Ein weiterer Aspekt betrifft die Bedienbarkeit: Agilent beschreibt den 1260 Infinity II LC als System mit vereinfachtem Wartungszugang, etwa durch frontseitig zugängliche Pumpenköpfe und Verbrauchsteile, was Stillstandzeiten reduzieren soll. In Verbindung mit standardisierten PM-Kits (Preventive Maintenance) können Servicetechniker oder interne Labortechniker Dichtungen, Ventile und Lampen planbar wechseln, um Ausfälle zu minimieren. Für Labore mit heterogener Geräteflotte kann die Schulung auf einer konsistenten Benutzeroberfläche und einheitlichen Software-Umgebung die Einarbeitungszeit für neue Mitarbeitende verkürzen. In Summe positioniert Agilent den 1260 Infinity II LC damit als robusten Chromatographen im mittleren Leistungsbereich, der viele Routineaufgaben zuverlässig abdeckt und zugleich als Plattform für methodische Erweiterungen dienen kann.

Strategisch betrachtet zählt die Infinity-II-Familie inklusive des 1260 Infinity II LC zu den Kernprodukten im Chromatographiegeschäft von Agilent, das zusammen mit anderen analytischen Plattformen einen wesentlichen Umsatzbeitrag im Segment Life Sciences and Applied Markets liefert. Für Labore, die Investitionsentscheidungen im Bereich HPLC treffen, ist relevant, dass der 1260 Infinity II LC sich im Markt als bewährtes System etabliert hat und in zahlreichen Applikationsnotizen und Standardmethoden referenziert wird. Die Aktie von Agilent Technologies Inc. (US00846U1016) notiert am 13.06.2026 auf Xetra bei 129,84 Euro.

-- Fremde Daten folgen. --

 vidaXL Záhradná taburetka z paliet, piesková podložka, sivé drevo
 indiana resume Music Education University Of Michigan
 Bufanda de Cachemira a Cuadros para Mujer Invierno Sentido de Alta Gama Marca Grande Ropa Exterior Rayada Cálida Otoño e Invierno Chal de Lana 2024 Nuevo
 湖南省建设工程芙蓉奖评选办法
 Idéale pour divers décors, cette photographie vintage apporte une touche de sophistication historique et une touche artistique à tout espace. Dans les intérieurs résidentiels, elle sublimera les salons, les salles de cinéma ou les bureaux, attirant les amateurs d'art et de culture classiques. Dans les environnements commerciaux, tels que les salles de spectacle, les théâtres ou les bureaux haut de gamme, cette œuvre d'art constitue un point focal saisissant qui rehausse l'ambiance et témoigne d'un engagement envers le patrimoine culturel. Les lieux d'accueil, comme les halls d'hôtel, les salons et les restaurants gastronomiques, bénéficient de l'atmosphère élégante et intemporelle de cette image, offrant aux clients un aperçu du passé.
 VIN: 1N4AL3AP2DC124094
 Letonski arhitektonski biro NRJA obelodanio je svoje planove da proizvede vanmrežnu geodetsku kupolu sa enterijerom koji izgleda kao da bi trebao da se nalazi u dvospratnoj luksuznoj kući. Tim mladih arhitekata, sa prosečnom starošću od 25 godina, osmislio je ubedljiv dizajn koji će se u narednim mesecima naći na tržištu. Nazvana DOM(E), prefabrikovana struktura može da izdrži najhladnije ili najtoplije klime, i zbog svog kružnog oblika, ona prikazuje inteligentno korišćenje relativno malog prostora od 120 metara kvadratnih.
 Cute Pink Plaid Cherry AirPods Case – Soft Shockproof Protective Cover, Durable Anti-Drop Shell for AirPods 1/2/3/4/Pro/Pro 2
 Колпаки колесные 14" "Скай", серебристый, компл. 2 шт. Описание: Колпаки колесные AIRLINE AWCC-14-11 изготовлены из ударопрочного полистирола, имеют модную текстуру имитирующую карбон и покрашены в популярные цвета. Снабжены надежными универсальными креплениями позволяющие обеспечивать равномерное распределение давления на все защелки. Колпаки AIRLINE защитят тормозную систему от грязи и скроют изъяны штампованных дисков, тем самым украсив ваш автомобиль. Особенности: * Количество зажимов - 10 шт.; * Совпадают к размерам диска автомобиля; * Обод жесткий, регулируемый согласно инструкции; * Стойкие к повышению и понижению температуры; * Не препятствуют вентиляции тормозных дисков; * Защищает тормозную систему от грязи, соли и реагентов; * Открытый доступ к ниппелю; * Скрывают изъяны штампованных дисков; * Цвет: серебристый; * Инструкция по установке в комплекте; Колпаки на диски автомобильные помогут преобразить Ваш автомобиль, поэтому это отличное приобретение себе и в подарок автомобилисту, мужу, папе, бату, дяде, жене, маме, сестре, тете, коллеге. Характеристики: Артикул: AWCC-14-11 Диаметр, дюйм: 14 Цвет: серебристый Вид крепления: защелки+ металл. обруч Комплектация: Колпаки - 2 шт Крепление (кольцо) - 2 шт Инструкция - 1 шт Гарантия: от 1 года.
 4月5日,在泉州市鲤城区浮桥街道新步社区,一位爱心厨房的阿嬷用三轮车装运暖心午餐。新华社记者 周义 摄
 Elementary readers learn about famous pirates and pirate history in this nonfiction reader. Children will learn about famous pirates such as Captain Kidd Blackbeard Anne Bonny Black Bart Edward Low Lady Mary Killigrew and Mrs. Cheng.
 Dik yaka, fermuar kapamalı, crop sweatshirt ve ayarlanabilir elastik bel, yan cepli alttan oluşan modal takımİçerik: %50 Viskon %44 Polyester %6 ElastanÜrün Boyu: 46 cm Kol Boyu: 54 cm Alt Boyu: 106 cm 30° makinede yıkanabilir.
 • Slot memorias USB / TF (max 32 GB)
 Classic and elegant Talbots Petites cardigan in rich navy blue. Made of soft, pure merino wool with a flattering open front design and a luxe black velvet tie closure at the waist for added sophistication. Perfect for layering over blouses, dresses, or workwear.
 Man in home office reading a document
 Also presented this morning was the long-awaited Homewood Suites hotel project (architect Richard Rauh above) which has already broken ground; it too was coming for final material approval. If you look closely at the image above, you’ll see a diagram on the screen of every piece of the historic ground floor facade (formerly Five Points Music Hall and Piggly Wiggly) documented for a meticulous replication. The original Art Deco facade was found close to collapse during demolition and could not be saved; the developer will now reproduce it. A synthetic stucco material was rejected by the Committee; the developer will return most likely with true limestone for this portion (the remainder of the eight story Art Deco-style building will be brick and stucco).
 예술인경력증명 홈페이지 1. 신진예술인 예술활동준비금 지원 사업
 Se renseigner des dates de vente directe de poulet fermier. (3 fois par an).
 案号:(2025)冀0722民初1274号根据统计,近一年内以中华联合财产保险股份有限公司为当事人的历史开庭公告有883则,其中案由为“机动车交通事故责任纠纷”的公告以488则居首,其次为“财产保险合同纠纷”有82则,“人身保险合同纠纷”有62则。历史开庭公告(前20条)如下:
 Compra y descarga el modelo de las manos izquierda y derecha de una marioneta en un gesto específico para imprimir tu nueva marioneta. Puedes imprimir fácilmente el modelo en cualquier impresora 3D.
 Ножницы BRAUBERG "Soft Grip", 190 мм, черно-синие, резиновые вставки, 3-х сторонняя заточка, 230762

Agilent 1260 Infinity II LC im Kurzprofil

  • Produkt: Agilent 1260 Infinity II LC
  • Hersteller: Agilent Technologies Inc.
  • Kategorie: Klassiker/Longseller-Chromatograph (Labor)
  • Markteinfuehrung: Infinity-II-Plattform seit Mitte der 2010er Jahre im Markt, 1260 Infinity II LC als etablierte HPLC-Linie verankert
  • UVP / Preis: Listenpreise variieren je nach Konfiguration; Angebote im Markt typischerweise im Bereich mittlerer fünfstelliger Euro-Betraege (ohne Mehrwertsteuer), genaue Projektpreise auf Anfrage
  • Verfuegbarkeit: Vertrieb ueber Agilent und Fachhandel, inklusive Service- und Wartungspaketen in Deutschland und europaweit
  • Zielgruppe: Routine- und QC-Labore in Pharma, Lebensmittel- und Umweltanalytik sowie Forschungsinstitute mit Fokus auf klassischer HPLC
  • Besonderheit / USP: Modularer Aufbau, 600-bar-Leistungsbereich und enge Integration in Agilent-Softwareumgebung ermoeglichen etablierte Routineanalytik und effiziente Methodenmigration.